Le maire toulousain Étienne Billières transforma durablement la ville entre 1925 et 1940. Soutenu par une équipe populaire, il fit naître écoles, cités-jardins et équipements modernes.
Lors d’un récent entretien, Rémy Pech, professeur émérite d’histoire à l’université Toulouse-Jean-Jaurès, a évoqué la trajectoire politique et humaine d’un maire injustement méconnu : Étienne Billières. À la question de savoir si son parcours est exemplaire, la réponse de l’historien est immédiate : « Vous savez, il n’y a eu que deux hommes politiques élus trois fois au premier tour à la mairie de Toulouse : Dominique Baudis et Étienne Billières… c’est un signe, non ? »
Pourtant, à partir de 1925, le contexte politique n’était pas favorable : tensions entre socialistes – de la SFIO, précise Rémy Pech – et radicaux soutenus par La Dépêche ; croissance rapide d’une ville en pleine industrialisation, confrontée au manque de logements, d’équipements scolaires, sportifs et culturels ; chômage massif et montée du nazisme et du fascisme. Pour comprendre les clés de sa réussite, l’historien souligne son ancrage populaire à Saint-Cyprien et rappelle qu’il mena une liste représentative, comprenant treize employés et sept ouvriers sur trente-six élus — une véritable mixité sociale érigée en modèle de gouvernance.
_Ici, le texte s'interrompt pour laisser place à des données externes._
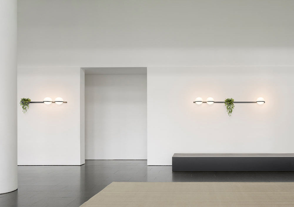 Introducing the Meira Wall Light, inspired by the beauty of hanging gardens. Its flora design and illuminated LED spheres create a calming and cheerful atmosphere. Available in varying scales with or without planters. Experience the fusion of organic and immateriality in your daily environment.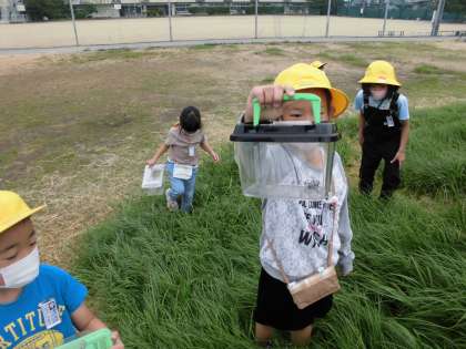 生活科「いきものとなかよし」の学習で、虫探しをしました。バッタやコオロギ、ダンゴムシ等の虫を捕まえたり観察をしたりしました。「ぴょんぴょん跳ぶんだね」「足が6本あったよ」など発見を喜び合いながら楽しんで活動することができました。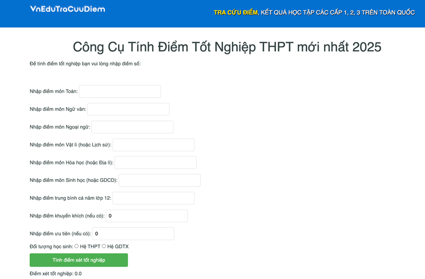 | Nhập điểm các môn học để tính điểm thi tốt nghiệp THPT tự động |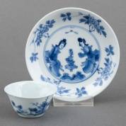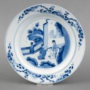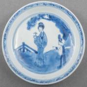 Chinees porseleinen bord met blauw-wit decor van twee figuren, vermoedelijk een scène uit de Romance of the Western Chamber, Kangxi gemerkt en periode -haarlijn-, Ø 20,7 cm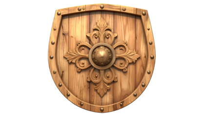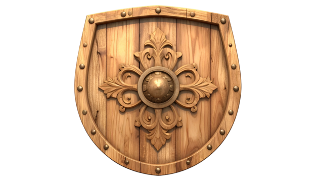 Wooden shield with ornate flourishes on a black background, symmetrical and detailed

Un bâtisseur visionnaire pour une ville en mutation
Sous son impulsion, une équipe d’adjoints compétents lança un ambitieux programme pour améliorer la vie des classes populaires dans « une cité prospère, douce et agréable ». Le maire obtint de larges crédits publics grâce à des emprunts judicieux et s’entoura d’architectes talentueux, soucieux d’allier fonctionnalité et esthétique, visible encore aujourd’hui dans le paysage urbain.
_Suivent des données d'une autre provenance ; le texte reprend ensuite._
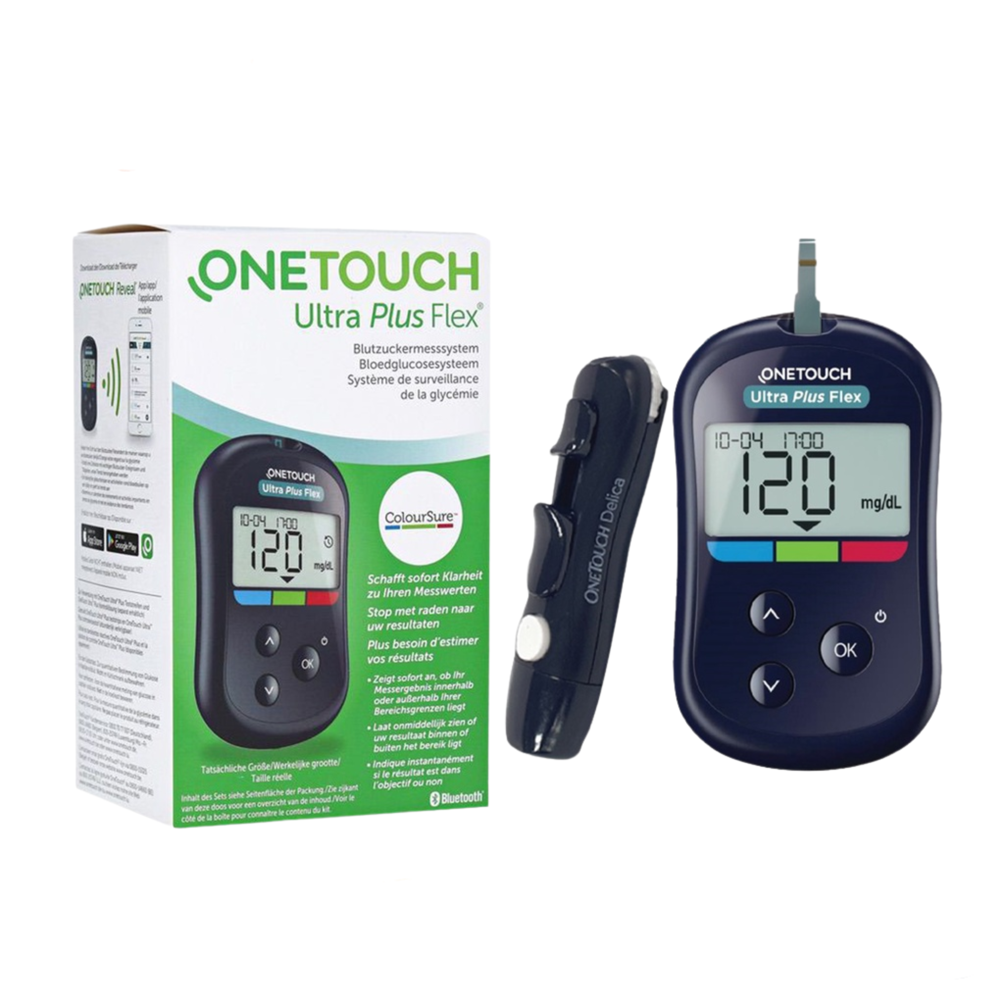 Trọn bộ máy test tiểu đường OneTouch Ultra Plus Flex bao gồm + 01 máy đo đường huyết OneTouch Ultra Plus Flex + 01 bút lấy máu OneTouch Delica plus hoặc bút láy máu OneTouch

Quinze groupes scolaires, plusieurs cités-jardins et de vastes ensembles voient alors le jour, transformant durablement le visage de Toulouse : Bonnefoy, les Sept-Deniers, les abords du Grand Rond… Le Parc toulousain se dote, dès 1931, d’un complexe sportif sans équivalent en Europe : stadium municipal, piscines, terrains de tennis, basket ou pelote basque.
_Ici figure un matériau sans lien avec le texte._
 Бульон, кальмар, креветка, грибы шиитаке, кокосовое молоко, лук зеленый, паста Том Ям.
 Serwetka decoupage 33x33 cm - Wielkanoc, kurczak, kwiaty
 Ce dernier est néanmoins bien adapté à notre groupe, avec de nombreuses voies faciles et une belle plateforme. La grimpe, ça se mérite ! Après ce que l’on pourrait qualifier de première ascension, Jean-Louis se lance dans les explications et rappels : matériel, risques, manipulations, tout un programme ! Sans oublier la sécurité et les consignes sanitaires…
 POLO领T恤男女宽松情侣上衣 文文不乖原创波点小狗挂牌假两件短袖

Parmi ces réalisations, Rémy Pech retient surtout la Bibliothèque municipale, aujourd’hui du Patrimoine, construite par Jean Montariol dans le style Art déco, rue du Périgord. Pouvant accueillir 300 lecteurs, elle fut décorée par de grands artistes comme Parayre, Bouillère, Clerc ou Saint-Saëns. L’historien conclut en regrettant que la mémoire de Billières se soit estompée, malgré une avenue et une école qui portent son nom : « Gageons que les défis du temps présent sauront raviver le souvenir de ce grand bâtisseur, dont la sincérité et la générosité forcent mon admiration. »
Rémy Pech ravivera bientôt ce souvenir lors d’une conférence organisée par l’association du Quartier Chalets-Roquelaine, où il présentera son dernier ouvrage, 1925, Étienne Billières, un maire visionnaire au Capitole, paru aux Éditions Midi Pyrénéennes.